Compositional Caching for Training-free Open-vocabulary Attribute Detection

Marco Garosi1, Alessandro Conti1, Gaowen Liu2, Elisa Ricci1,3, and Massimiliano Mancini1

Abstract

Attribute detection has been confined to closed vocabularies that require costly annotation per attribute set and break down at arbitrary granularity. ComCa sidesteps training entirely: given just a list of target attributes and objects, it populates an auxiliary image cache from web-scale databases — structured by attribute-object compatibility determined via LLMs — and uses it to refine VLM predictions at inference. The result is a model-agnostic approach that competes with training-based methods without any learned parameters.

1 University of Trento
2 Cisco Research
3 Fondazione Bruno Kessler (FBK)


01 The problem / 問

Attribute detection — identifying properties such as color, texture, shape, and material — is a building block for image understanding tasks ranging from product retrieval to visual question answering. Existing methods treat attribute detection as a closed-vocabulary problem, requiring labelled datasets for each target attribute set and limiting scalability to unforeseen attribute types or granularities. Open-vocabulary attribute detection relaxes this constraint by allowing the attribute list to be specified at inference time, but prior approaches have struggled to match the quality of training-based methods without relying on extensive supervision.

02 The approach / 法

ComCa (Compositional Caching) is a training-free method for open-vocabulary attribute detection. Given a list of target attributes and object categories, ComCa populates an auxiliary cache by querying web-scale image databases — retrieving images likely to exhibit each attribute-object combination. Large Language Models determine attribute-object compatibility to guide this population step, ensuring the cache is compositionally structured rather than attribute-only.
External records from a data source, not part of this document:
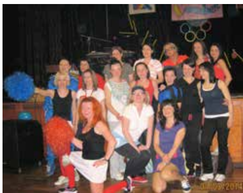
Babski Comber, rok 2014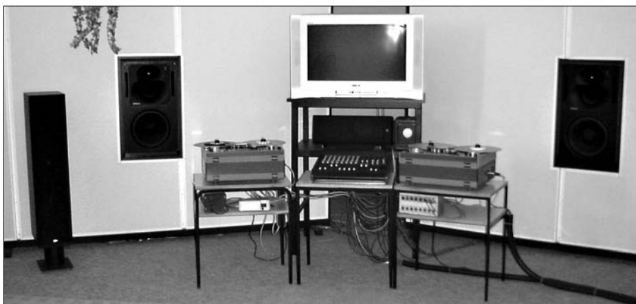
A Szent István Király Zeneművészeti Szakközépiskola hangkultúra tanterme

Éppen e lap hasábjain szükségtelen hangsúlyoznunk, hogy a zenetanulás mennyire törekeny. Vannak, akik elszánt zenei elhivatottsággal jönnek a konzervatóriumba, majd csakhamar kiderül, hogy választásuk nem volt szerencsés: vagy a tehetség, vagy a kitartás hiányzik belőlük. Sok-sok órányi hangszeres gyakorlással a hátuk mögött ilyenkor a hangkultúra szakra átmenve lehetőségük van arra, hogy kipróbálják magukat egy másik – de lényegében rokon – területen, hiszen ha nem is lesznek zeneművészek, de a szükséges felsőfokú tanulmányaik végeztével attól még kitűnő zenei rendezők, szerkesztők, hangmérnökök és akusztikusok lehetnek. S a közös tantárgyak révén az átjárhatóság az első évfolyamokon még mindkét irányban lehetséges. Ha pl. egy felvételizőnk hangszeresen még nem éri el a konzervatóriumi szintet, de a felvételi bizottság „lát benne zenei fantáziát”, akkor átmenetileg bekerülhet a hangkultúra szakra, ahol a zenei tárgyakat úgyis tanulja, s ez sokkal előnyösebb számára, mintha a zenétől távol egy gimnáziumban várná a későbbi sikeres hangszeres felvételt. Ám arra is van példa, hogy egy „hangkultúrás”, megelégvén a blokkvázlatokat és a decibelleket, inkább neki áll gyakorolni, s még idejében átmegegy egy hangszeres szakra. Ez az átjárhatóság nagyon fontos, hiszen tanulóinkat a „bele-erőltetés” helyett abban kell segítenünk, hogy a felkínált lehetőségek között megtalálják leendő hívatásukat. Ezért az első évfolyamokon a hangkultúra és a zenei szakok közötti átjárást nem gátoljuk.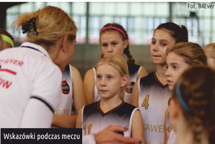
Wskazówki podczas meczu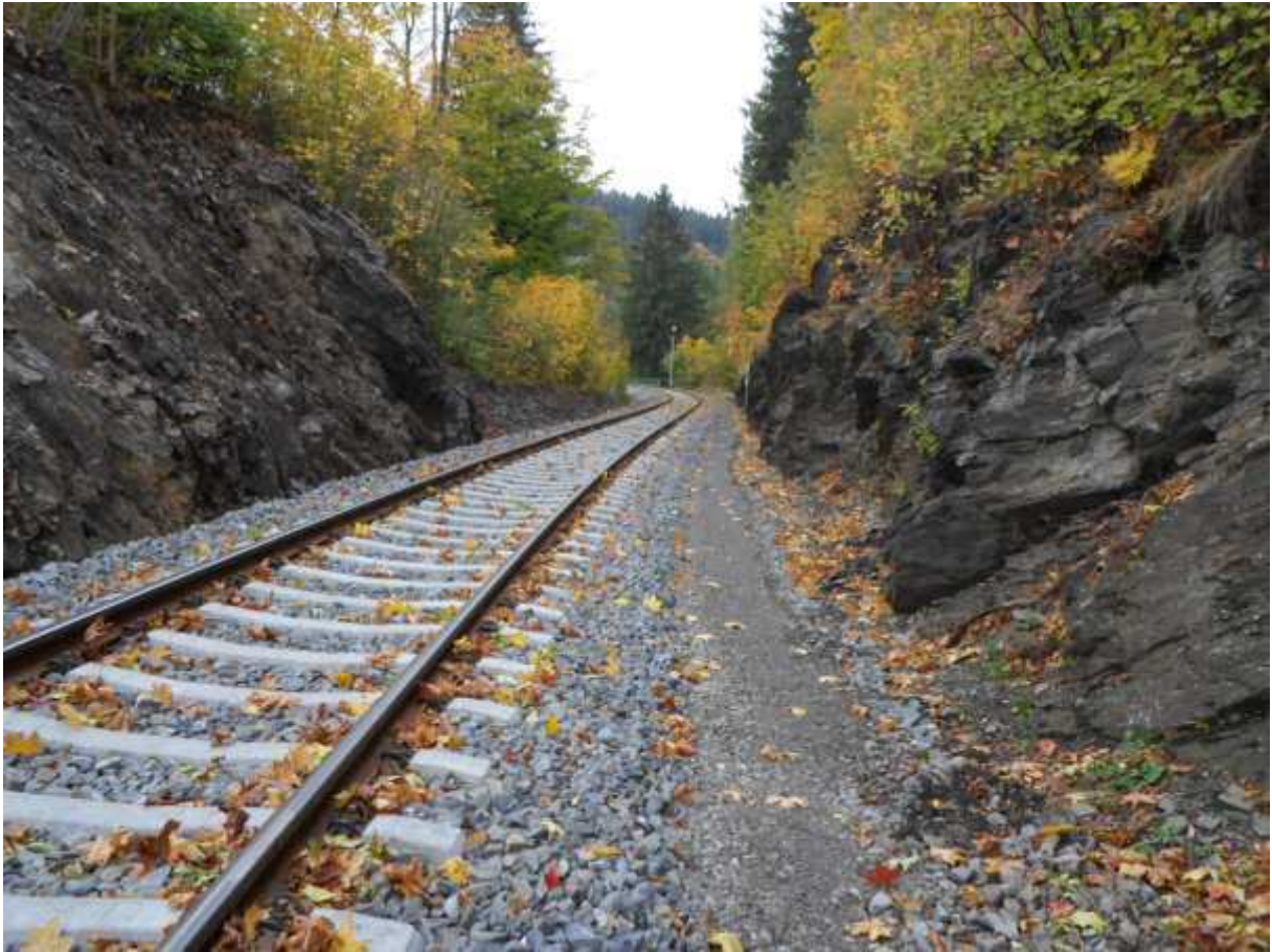
Obr. 5 Pohled na trať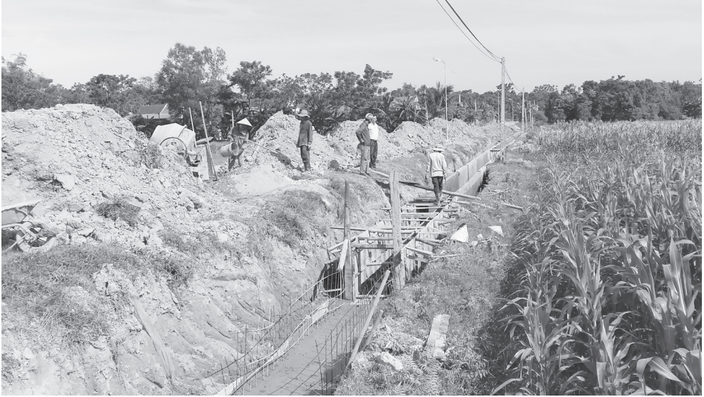
Kênh mương nội đồng đang được khép kín ở xã Sơn Hà

Về Sơn Hà những ngày này, dễ dàng bắt gặp không khí thi đua trong phong trào thực hiện chương trình mục tiêu quốc gia xây dựng nông thôn mới (NTM). Xuất phát từ một xã thuần nông, điều kiện phát triển kinh tế khó khăn, phần lớn hộ dân độc canh cây lúa, cây màu. Để nâng cao chất lượng cuộc sống của người dân, những năm qua, xã đã có nhiều giải pháp chuyển đổi cơ cấu giống,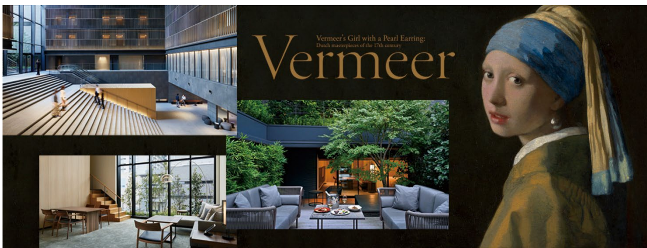
(左上) ザ・サウザンド京都 大階段 (左下) ザ・サウザンド京都 ザ・サウザンド・スイート (中央) ザ・サウザンド京都 ガーデン・スイート (右) ヨハネス・フェルメール 《真珠の耳飾りの少女》1665年頃 マウリッツハイス美術館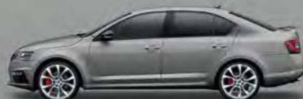
Steel Grey (M3M3)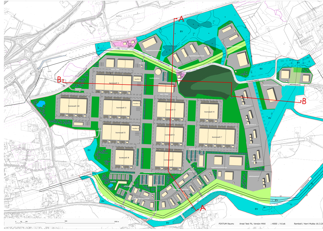
PAIKANNUSKAAVIO 1: 20 000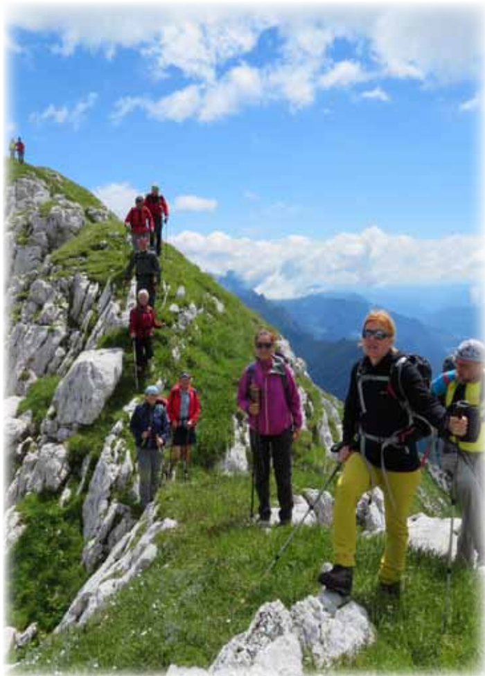
Na eni izmed mnogih tur v organizaciji VO PD Kamnik.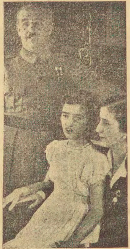
Szef państwa hiszpańskiego i naczelny wódz zwycięskich wojsk gen. Francisco Franco wraz z małżonką i córką.

Zarządzenie to wywołało w Gdańsku liczne protesty.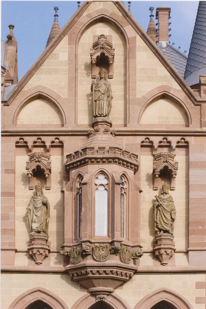
9 Südfassade von Schloss Drachenburg mit den Figuren Cäsars, Kaiser Karls des Großen und Kaiser Wilhelms I. von Peter Fuchs, 1884 Königswinter, Schloss Drachenburg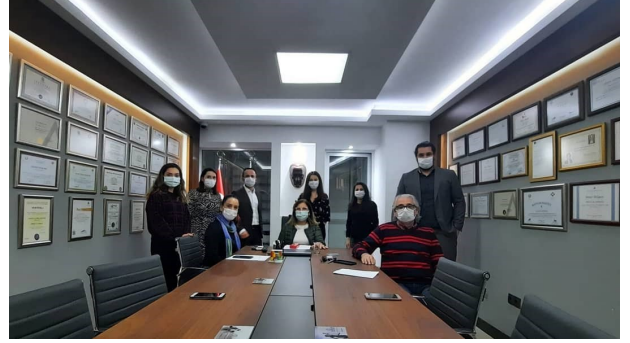
Eğitim Sonunda Hatıra Fotoğrafımız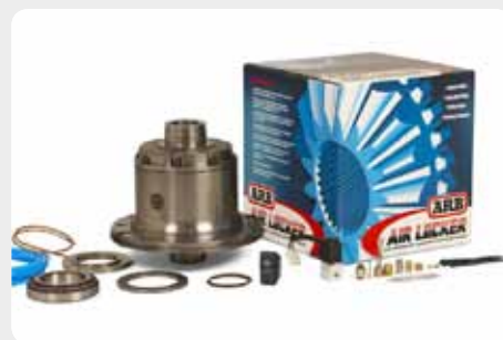
Bloqueo de diferencial ARB.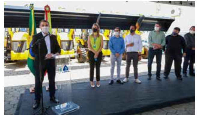
Máquinas foram entregues à Casan para distribuição às regiões

“A Casan é uma empresa que tem apresentado melhoria nos seus resultados, nos números e na qualidade dos serviços. Isso vai impactar positivamente as futuras gerações, em ações de preservação e produção de água potável e no saneamento das nossas cidades. Os equipamentos vêm para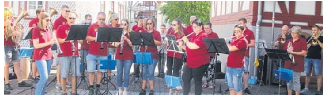
Der Musikverein Salmünster spielte bei der Eröffnung.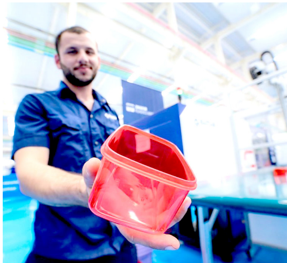
La FIIE es una de las iniciativas con visión internacional más importantes en México.

Se busca inspirar y respaldar al emprendimiento así como en apoyar e impulsar la creación y consolidación de las micro, pequeñas y medianas empresas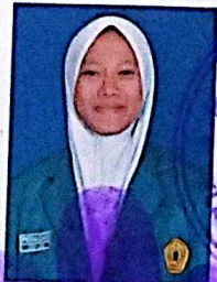
MA DAARUL MUGHNI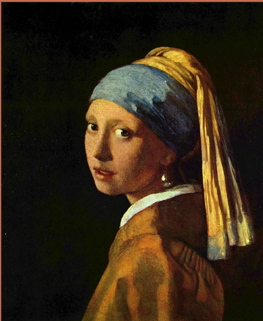
Я.Вермеер «Девушка с жемчужной серезжкой»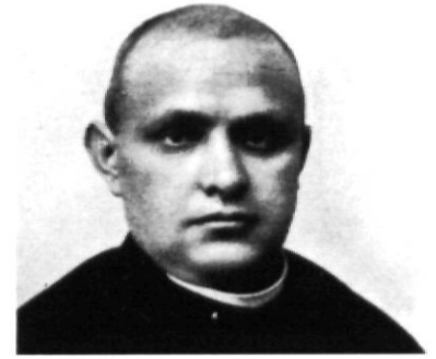
Antoni M. Alcover.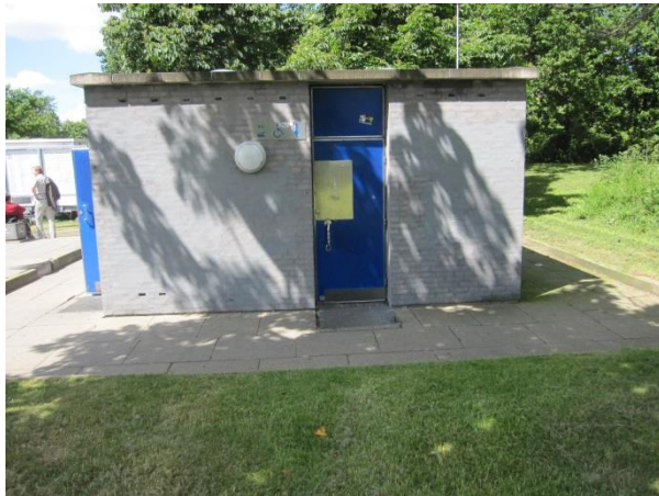
Rastepladsen Rønninge Nord.

Ombudsmanden modtog forud for besøget materiale om rastepladsen. Det fremgår heraf, at den (eller dele heraf) er renoveret inden for de seneste 4 år. Vejdirektoratet er ikke bekendt med dato for opførelse af bygningen. Der er efter det oplyste et handicaptoulet og en handicapparkeringsplads.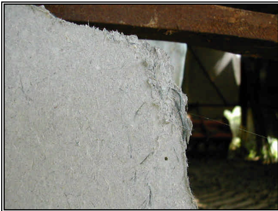
Rilievo fot. n°13

Cache images receive soft attribute labels that reflect this compositional grounding. At inference time, an input image is compared against the cache, and the aggregated soft labels — weighted by visual similarity — refine the zero-shot predictions of an underlying VLM. Because ComCa is model-agnostic, it is compatible with any VLM backbone. Experiments demonstrate that ComCa substantially outperforms zero-shot and cache-based baselines on standard attribute detection benchmarks, competing with recent training-based methods without any learned parameters.